- Theatrical release poster
- Directed by: David Butler
- Written by: William Conselman Owen Davis Jack Moffitt
- Based on: A Connecticut Yankee in King Arthur's Court by Mark Twain
- Produced by: William Fox
- Starring: Will Rogers William Farnum Maureen O'Sullivan Myrna Loy
- Cinematography: Ernest Palmer
- Edited by: Irene Morra
- Music by: Arthur Kay
- Color process: Black and white
- Production company: Fox Film Corporation
- Distributed by: Fox Film Corporation
- Release date: April 6, 1931;
- Running time: 95 minutes
- Country: United States
- Language: English
- Box office: $1.2 million

= A Connecticut Yankee (film) =

1931 film

A Connecticut Yankee is a 1931 American pre-Code fantasy comedy film adaptation of Mark Twain's 1889 novel, A Connecticut Yankee in King Arthur's Court. It was directed by David Butler to a script by William M. Conselman, Owen Davis, and Jack Moffitt. It was produced by Fox Film Corporation (later 20th Century Fox), who had earlier produced the 1921 silent adaptation of the novel, A Connecticut Yankee in King Arthur's Court. A Connecticut Yankee is the first sound film adaptation of Twain's novel. It is unrelated to the 1927 musical also titled A Connecticut Yankee.

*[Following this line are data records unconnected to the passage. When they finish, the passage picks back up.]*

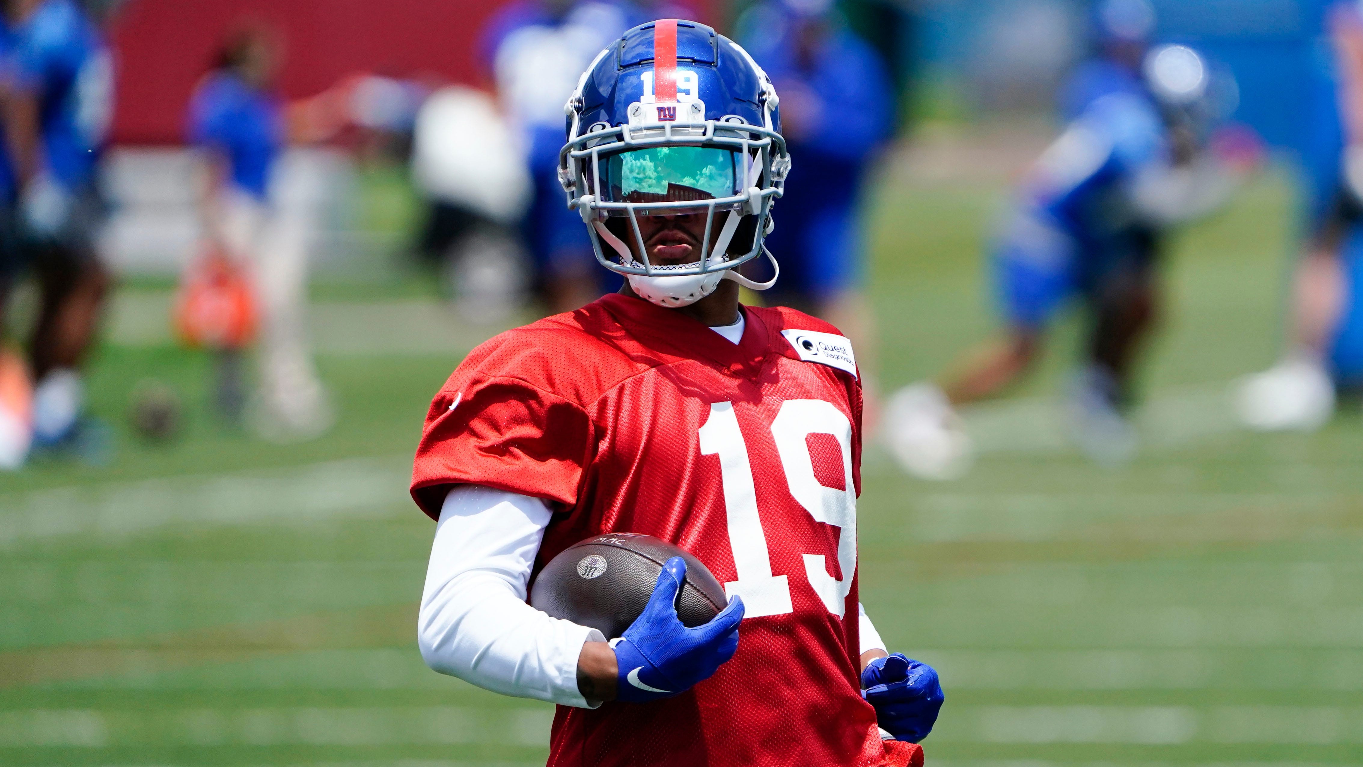 Sep 16, 2021; Landover, Maryland, USA; New York Giants wide receiver Kenny Golladay (19) attempts to make a catch as Washington Football Team cornerback Kendall Fuller (29) defends in the third quarter at FedExField. Mandatory Credit: Geoff Burke-USA TODAY Sports / Geoff Burke-USA TODAY Sports
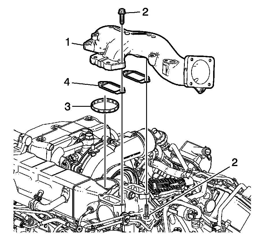 7. Install the intake manifold tube seal (3) and gaskets (4).
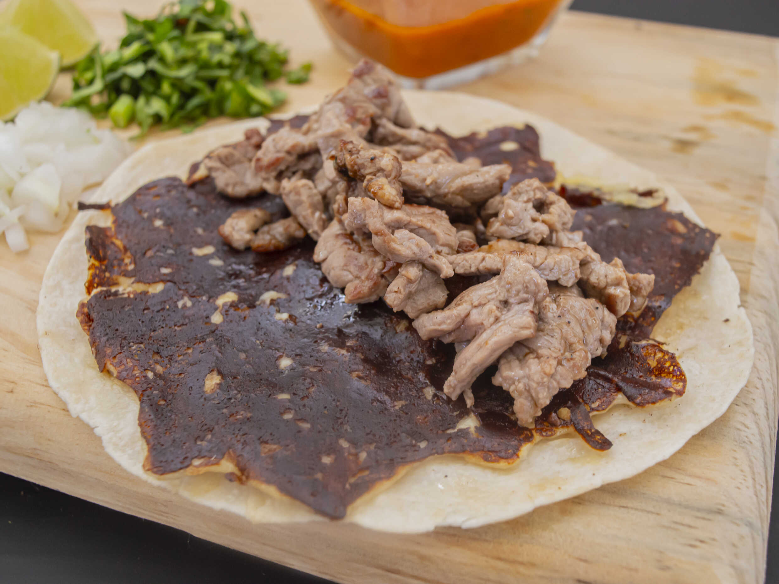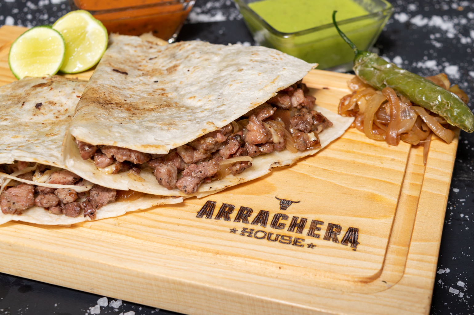 110 g Carne de arrachera fileteada servida en una tortilla de harina con una base de queso oaxaca.
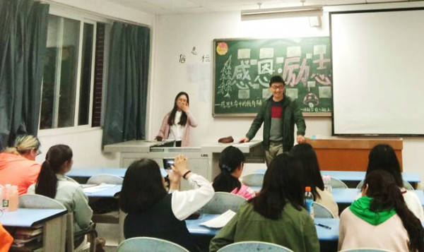 2017年4月9日下午18点30分,2016级学前教育三班的感恩励志主题班会顺利召开。此次班会可谓又是给三班的小可爱们喝上了一锅满满爱意的鸡汤,更是将一个团结友爱的大家庭体现得淋漓尽致。
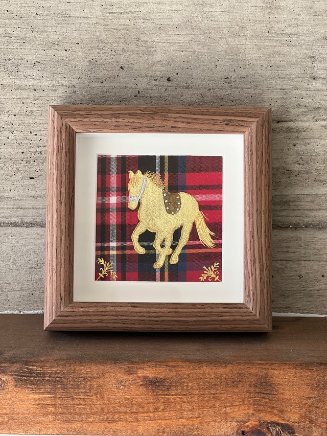 赤いタータンには“情熱”“繁栄”“祝福”などの意味があります。そんなタータンの上を駆けるゴールドの馬が幸運を運んできそうなラッキーチャームのような作品です。 【技法】 金彩 【主な使用材料】 樹脂糊 箔 【フレーム】 内径:100㎜×100㎜ フレーム内:15㎜中空 強化ガラス 正方形

As in The Wizard of Oz, many of the actors in the film play more than one role, a character in the real world and one in the dream world. The film stars Will Rogers as Hank Martin, an American accidental time traveler who finds himself in Camelot back in the days of King Arthur (William Farnum, a Fox star for many years). Myrna Loy and Brandon Hurst play the evil Morgan le Fay and Merlin, who must be overcome by Hank's modern technical knowledge, while Maureen O'Sullivan plays Alisande.

The hero's name was changed from Hank Morgan to Hank Martin, possibly because the original name sounded too similar to that of actor Frank Morgan.

A trailer for the film exists at the Library of Congress.

==Plot==

Radio salesman Hank Martin, after being knocked out by a toppled suit of armor, travels back in time to Camelot where he is welcomed by King Arthur and must use his modern knowledge to stop Morgana Le Fay and Merlin from taking over.

==Cast==
- Will Rogers as Hank Martin
- William Farnum as King Arthur/Inventor
- Frank Albertson as Emile le Poulet/Clarence
- Maureen O'Sullivan as Alisande/Woman in Mansion
- Brandon Hurst as Merlin/Doctor in Mansion
- Myrna Loy as Morgana Le Fay/Evil Sister in Mansion
- Mitchell Harris as Sagramor/Butler in Mansion
- Heinie Conklin as Sneezing Man (uncredited)

==Production==
Fox was likely inspired to produce A Connecticut Yankee based on the success of the 1921 silent film. The 1931 version was likewise successful, and was re-released in 1936. The film cost $750,000 to make; the production used 174 Austin automobiles, among other pieces of modern machinery, to make the final battle scene. It was a commercial success despite being released during the Depression.

Although the film was released in black and white, director David Butler used progressively darker shades of pink tint to emphasize a scene in which Morgana Le Fay flirts with Hank Martin.